Despite knockdown, Carlo Paalam fought his heart out in silver finish
MANILA, Philippines–Carlo Paalam showed great resolve after going down in the first round of the men’s flyweight final against Galal Yafai at the Tokyo Olympics.
Paalam rallied and fought his heart out but only to fall short as he took home the silver.
“Di naman maiwasan na ganun mangyari. Nilabas ko nalang po talaga yung best ko. Kita niyo naman na lumalaban ako. Alam ko na ang pusong Pilipino palaban po,” Paalam said.
(We can’t avoid what just happened. I just tried to give my best. You saw that I kept fighting. I know that the heart of a Filipino never backs down.)
“Siguro wala na tayong mahihingi pa kay Carlo. Binigay niya ang lahat, hindi lang tayo pinalad,” said Ed Picson, Association of Boxing Alliances in the Philippines (Abap) secretary-general, in a TV interview Saturday after Paalam’s split decision setback.
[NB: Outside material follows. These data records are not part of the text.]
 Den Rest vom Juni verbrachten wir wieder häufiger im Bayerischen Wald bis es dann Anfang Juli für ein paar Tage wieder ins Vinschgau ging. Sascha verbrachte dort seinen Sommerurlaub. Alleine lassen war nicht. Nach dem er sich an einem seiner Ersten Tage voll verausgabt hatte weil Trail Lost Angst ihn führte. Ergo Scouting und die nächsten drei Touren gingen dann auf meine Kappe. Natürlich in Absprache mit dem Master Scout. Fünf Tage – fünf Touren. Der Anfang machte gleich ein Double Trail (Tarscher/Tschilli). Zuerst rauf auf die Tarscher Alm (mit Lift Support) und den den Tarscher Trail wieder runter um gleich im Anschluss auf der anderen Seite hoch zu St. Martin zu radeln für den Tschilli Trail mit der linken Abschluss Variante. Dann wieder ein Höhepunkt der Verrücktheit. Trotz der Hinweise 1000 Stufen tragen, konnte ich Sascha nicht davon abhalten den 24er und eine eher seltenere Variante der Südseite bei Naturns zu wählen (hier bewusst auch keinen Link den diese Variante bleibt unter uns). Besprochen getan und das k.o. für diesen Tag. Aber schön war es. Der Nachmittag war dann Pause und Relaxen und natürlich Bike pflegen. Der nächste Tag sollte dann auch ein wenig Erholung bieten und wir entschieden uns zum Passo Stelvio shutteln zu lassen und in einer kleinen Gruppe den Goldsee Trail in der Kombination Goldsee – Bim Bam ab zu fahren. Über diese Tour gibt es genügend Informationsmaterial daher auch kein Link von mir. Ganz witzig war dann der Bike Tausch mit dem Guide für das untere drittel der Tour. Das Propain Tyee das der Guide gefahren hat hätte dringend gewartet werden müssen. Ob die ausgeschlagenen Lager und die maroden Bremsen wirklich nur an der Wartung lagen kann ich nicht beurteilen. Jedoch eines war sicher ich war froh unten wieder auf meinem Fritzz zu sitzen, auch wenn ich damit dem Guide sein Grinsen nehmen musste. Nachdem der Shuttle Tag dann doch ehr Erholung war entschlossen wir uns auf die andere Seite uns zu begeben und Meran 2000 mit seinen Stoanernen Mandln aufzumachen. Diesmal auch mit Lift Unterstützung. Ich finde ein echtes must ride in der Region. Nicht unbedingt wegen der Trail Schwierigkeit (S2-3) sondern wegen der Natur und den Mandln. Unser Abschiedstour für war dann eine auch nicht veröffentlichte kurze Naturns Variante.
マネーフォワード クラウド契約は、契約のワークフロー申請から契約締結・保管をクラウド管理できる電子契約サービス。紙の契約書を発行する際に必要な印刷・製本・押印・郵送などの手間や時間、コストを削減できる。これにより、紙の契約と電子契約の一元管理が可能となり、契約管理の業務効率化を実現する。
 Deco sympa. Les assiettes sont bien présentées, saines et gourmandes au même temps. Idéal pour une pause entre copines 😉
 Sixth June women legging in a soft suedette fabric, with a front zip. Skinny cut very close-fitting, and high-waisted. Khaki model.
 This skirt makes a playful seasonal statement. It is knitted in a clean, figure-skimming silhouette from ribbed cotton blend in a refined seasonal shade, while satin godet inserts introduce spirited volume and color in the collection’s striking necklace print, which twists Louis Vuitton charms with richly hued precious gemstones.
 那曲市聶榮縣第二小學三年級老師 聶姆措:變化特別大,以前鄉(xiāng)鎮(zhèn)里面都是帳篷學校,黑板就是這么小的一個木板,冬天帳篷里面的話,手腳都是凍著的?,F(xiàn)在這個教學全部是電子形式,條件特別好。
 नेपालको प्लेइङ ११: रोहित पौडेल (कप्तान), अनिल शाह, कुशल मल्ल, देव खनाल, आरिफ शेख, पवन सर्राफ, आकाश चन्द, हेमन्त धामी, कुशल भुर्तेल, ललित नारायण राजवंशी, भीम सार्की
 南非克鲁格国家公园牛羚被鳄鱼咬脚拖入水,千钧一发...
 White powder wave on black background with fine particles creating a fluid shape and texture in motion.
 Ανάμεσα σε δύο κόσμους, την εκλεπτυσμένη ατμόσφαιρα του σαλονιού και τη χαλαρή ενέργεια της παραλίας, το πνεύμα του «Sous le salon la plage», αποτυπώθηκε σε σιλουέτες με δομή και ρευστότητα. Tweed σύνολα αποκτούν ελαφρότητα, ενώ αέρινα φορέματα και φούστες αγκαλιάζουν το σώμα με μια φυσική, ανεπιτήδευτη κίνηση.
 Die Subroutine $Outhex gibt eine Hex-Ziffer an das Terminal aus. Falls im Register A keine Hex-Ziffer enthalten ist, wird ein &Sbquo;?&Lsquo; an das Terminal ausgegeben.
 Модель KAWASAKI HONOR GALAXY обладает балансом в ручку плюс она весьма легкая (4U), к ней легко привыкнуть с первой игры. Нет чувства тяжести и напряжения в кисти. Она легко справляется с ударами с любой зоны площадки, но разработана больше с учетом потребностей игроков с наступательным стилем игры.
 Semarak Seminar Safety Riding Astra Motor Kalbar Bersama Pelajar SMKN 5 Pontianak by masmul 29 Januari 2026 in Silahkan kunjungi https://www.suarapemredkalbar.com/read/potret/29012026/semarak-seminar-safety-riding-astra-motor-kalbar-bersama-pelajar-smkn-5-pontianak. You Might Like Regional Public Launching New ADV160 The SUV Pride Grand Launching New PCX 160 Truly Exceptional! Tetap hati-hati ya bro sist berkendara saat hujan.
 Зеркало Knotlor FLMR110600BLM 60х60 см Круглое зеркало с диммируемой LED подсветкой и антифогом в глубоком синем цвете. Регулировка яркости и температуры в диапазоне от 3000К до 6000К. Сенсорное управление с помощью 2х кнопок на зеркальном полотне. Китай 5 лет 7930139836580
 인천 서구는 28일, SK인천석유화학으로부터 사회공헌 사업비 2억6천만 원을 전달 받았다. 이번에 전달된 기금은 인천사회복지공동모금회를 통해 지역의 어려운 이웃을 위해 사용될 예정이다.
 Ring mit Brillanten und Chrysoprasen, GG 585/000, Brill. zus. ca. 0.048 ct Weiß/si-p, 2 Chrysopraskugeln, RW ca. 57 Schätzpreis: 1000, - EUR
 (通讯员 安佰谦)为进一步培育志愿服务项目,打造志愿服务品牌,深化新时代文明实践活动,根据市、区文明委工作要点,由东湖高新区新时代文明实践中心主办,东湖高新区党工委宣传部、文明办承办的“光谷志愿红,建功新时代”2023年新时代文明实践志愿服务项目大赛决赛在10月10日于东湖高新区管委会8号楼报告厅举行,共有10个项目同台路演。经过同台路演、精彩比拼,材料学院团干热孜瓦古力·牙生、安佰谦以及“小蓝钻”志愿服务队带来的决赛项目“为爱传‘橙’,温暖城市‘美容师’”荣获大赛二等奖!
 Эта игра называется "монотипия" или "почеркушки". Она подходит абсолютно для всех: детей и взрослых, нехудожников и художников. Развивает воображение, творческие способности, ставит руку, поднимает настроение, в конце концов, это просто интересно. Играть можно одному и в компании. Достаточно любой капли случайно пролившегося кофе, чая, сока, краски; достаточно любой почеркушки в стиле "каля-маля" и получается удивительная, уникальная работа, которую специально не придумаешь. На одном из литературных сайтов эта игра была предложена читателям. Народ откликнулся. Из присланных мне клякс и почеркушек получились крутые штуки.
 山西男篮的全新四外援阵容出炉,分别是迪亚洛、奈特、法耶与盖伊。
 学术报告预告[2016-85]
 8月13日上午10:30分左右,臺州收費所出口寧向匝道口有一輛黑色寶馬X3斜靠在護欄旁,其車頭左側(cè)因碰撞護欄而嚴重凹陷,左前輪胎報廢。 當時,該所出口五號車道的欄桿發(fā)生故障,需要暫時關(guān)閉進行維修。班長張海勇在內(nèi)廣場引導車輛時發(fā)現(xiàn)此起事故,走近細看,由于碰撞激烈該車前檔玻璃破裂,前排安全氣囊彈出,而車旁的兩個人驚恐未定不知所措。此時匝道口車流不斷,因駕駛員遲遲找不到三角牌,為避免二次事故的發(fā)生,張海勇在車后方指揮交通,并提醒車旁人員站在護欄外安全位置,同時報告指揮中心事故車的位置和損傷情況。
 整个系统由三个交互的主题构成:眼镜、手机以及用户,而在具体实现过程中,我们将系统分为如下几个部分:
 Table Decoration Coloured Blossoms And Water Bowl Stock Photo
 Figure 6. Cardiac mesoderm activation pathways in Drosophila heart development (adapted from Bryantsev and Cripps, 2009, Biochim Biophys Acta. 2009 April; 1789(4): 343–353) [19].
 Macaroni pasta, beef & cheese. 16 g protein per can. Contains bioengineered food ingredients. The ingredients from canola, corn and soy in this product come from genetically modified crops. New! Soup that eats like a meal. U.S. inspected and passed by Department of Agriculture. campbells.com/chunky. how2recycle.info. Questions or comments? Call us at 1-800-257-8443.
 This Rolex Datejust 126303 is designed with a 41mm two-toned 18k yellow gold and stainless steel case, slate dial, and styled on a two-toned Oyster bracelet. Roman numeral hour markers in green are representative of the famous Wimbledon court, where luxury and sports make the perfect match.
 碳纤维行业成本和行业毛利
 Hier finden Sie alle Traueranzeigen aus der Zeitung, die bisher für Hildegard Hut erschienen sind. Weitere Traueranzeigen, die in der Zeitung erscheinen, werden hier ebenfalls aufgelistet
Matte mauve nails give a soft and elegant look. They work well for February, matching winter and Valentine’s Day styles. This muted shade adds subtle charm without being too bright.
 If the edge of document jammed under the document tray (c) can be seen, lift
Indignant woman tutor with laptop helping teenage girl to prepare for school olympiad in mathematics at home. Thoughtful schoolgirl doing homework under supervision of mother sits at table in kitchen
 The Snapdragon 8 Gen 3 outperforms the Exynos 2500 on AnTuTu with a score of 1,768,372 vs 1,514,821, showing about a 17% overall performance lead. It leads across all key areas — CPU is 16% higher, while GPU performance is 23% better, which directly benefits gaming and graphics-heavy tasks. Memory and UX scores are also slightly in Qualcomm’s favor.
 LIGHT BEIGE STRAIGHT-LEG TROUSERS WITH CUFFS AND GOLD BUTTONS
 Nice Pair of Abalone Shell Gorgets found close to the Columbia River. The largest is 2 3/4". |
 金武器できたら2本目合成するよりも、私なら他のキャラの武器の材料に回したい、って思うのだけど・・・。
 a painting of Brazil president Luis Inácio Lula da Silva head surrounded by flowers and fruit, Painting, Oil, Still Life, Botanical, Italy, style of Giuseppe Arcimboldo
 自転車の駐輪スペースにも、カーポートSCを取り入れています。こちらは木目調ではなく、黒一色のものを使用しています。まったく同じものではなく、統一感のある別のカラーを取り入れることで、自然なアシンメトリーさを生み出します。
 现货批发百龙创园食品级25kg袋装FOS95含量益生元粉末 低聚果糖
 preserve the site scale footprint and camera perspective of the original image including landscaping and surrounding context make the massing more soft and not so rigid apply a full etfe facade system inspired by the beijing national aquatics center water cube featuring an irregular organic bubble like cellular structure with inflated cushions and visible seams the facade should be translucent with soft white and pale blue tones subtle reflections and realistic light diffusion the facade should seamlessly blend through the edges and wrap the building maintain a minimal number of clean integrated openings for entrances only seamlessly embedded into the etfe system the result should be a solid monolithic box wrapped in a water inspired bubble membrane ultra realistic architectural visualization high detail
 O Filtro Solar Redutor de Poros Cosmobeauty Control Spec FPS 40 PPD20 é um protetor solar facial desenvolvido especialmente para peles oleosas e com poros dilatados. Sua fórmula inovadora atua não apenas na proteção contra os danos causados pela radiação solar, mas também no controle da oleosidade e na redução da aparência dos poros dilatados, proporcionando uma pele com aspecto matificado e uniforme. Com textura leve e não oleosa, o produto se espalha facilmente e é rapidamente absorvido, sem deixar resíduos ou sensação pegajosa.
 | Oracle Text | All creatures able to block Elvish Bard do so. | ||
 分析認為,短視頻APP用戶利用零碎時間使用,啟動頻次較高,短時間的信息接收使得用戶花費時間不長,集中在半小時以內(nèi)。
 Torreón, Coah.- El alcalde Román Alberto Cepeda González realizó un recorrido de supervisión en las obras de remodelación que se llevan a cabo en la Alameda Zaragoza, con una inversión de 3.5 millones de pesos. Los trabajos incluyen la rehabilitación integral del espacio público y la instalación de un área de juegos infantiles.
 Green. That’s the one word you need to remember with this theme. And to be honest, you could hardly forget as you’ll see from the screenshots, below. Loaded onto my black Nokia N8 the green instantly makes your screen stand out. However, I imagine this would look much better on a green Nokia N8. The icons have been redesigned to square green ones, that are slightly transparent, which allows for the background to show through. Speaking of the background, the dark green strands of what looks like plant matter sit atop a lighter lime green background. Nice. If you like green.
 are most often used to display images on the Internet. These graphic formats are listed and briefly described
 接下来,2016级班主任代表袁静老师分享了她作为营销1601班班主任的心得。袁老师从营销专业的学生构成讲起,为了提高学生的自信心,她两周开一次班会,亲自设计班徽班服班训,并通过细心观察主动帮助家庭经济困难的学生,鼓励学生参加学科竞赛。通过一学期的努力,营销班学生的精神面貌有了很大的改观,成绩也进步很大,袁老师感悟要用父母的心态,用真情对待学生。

(We couldn’t ask for more from Paalam. He gave his all, we’re just not fortunate to get the win.)
Caught against the ropes, Paalam hit the canvas after taking a combination from Yafai.
But the knockdown failed to take the fight out of Paalam, who kept exchanging blows with Yafai for the remainder of the round to avoid a 10-8 score from the judges.
“In amateur boxing, while it is not automatic to be given a 10-8 score because of the knockdown, you could. You can even give a 10-7 if you think that one boxer really dominated the round or showed general mastery of the match. But the fact that the five judges gave it a 10-9 instead of a 10-8, points to the fact that Carlo Paalam stayed with Yafai the entire round,” Picson said.
“Carlo battled even after that knockdown.”
The loss may have denied Paalam from becoming the first Filipino boxer to win Olympic gold, but his maiden campaign in the Summer Games showed he will be a force to reckon with in Paris 2024.
The 23-year-old Paalam, who used to be a scavenger in Cagayan de Oro due to poverty, also made history as only the fifth boxer to seize the silver medal.
The Philippines wrapped up its Tokyo campaign with one gold, two silvers, and a bronze with three of the medals courtesy of the boxing contingent. Featherweight Nesthy Petecio won the other silver while middleweight Eumir Marcial bagged the lone bronze.
Weightlifting queen Hidilyn Diaz won the gold, the first and only of its kind in the history of the Philippines’ participation in the Olympics which started in 1924.